Alliance currently charges investors in the company’s stock and bond funds an average of 0.58% of assets in management fees with an average stock fund management fee of approximately 0.77%. With a 20% reduction in mutual fund management fees, investors would pay an average 0.46% overall at Alliance and just under 0.62% on its stock funds. These reductions would put Alliance’s fees just below the average charges by mutual funds of 0.53% in overall management fees and 0.65% on stock funds, according to data from Lipper Inc. cited by the Journal.
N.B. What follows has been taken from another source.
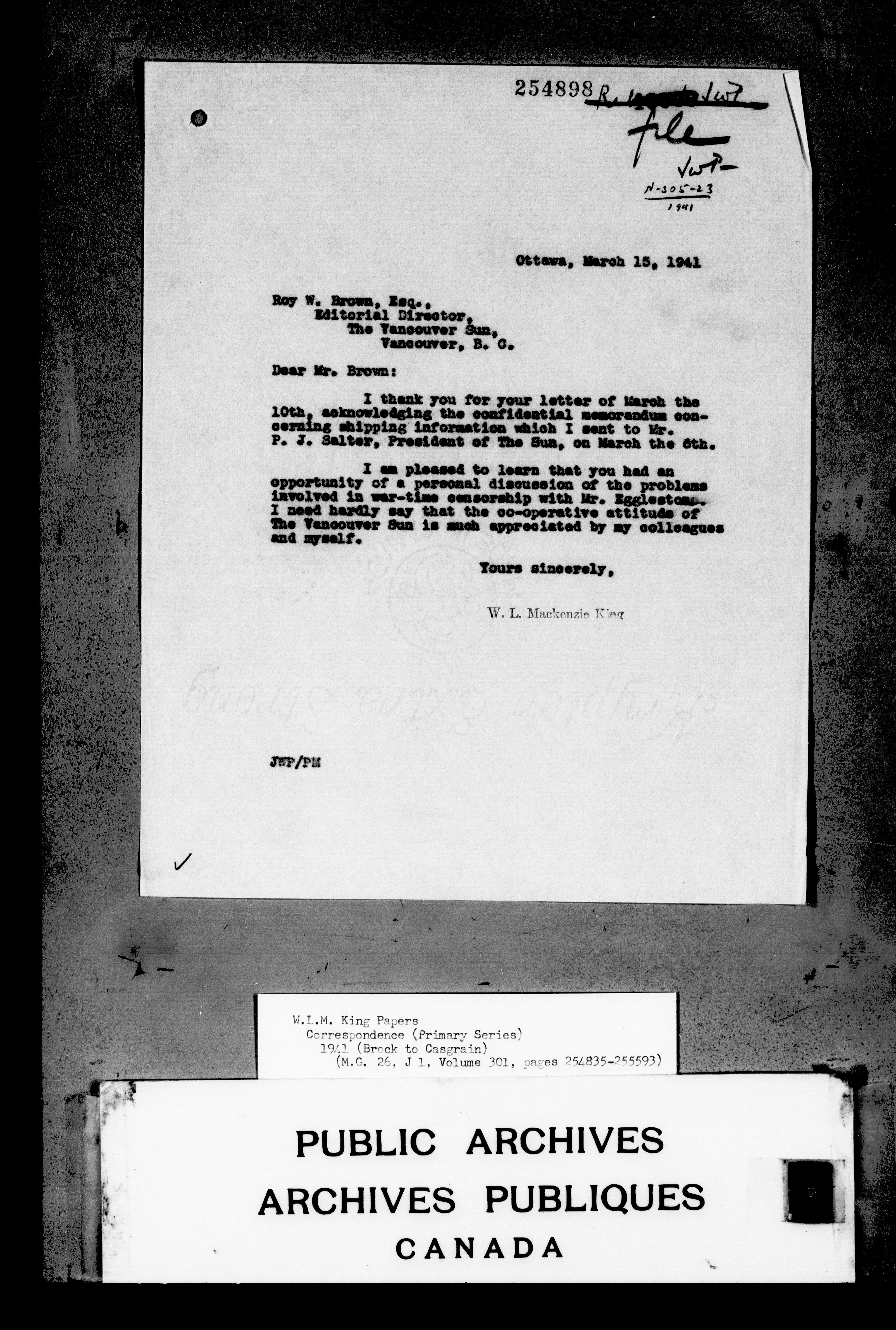 William Lyon Mackenzie King : Primary series correspondence (J1) : C-4860

A final agreement to settle allegations by Spitzer’s office and the US Securities and Exchange Commission (SEC) of improper market timing and late-trading activities at Alliance could be announced later this week. The final settlement would also include a number of structural changes in the way Alliance funds are run.
Reports of the fee cut though are only likely to further divide the Spitzer and SEC camps on the best way to handle mutual fund company settlements in the current trading imbroglios. While the investigation has not been focused on whether or not Alliance’s fees are reasonable, but rather if improper trading that was allowed to take place, and how it affected the average fund holders, Spitzer has made mutual fund management fees a focus of his investigation. Conversely, the SEC argues that management fees should be handled separately.
Alliance Capital manages a total of $456 billion and, with $39 billion held in its mutual funds, is one of the nation’s largest publicly traded mutual-fund companies. The company, which is majority-owned by AXA Financial, the US unit of French insurer AXA, has admitted to allowing market timing in an undisclosed number of US stock funds, although it was contrary to its anti-timing policies.
After disclosing these activities, last month the company announced the departures of John Carifa and Michael Laughlin at the firm’s request, because of their involvement with “inappropriate” market timing including some transactions that hurt the company’s fund shareholders (See Alliance Capital Execs Forced Out by Trading Scandal ). Carifa was president, chief operating officer, and director of Alliance Capital, and chairman of the board of its mutual funds. Laughlin was chairman of Alliance Capital’s mutual fund distribution unit. Gerald Lieberman became director of Alliance Capital and the firm’s chief operating officer and Marc Mayer assumes leadership of Alliance Capital’s mutual fund business.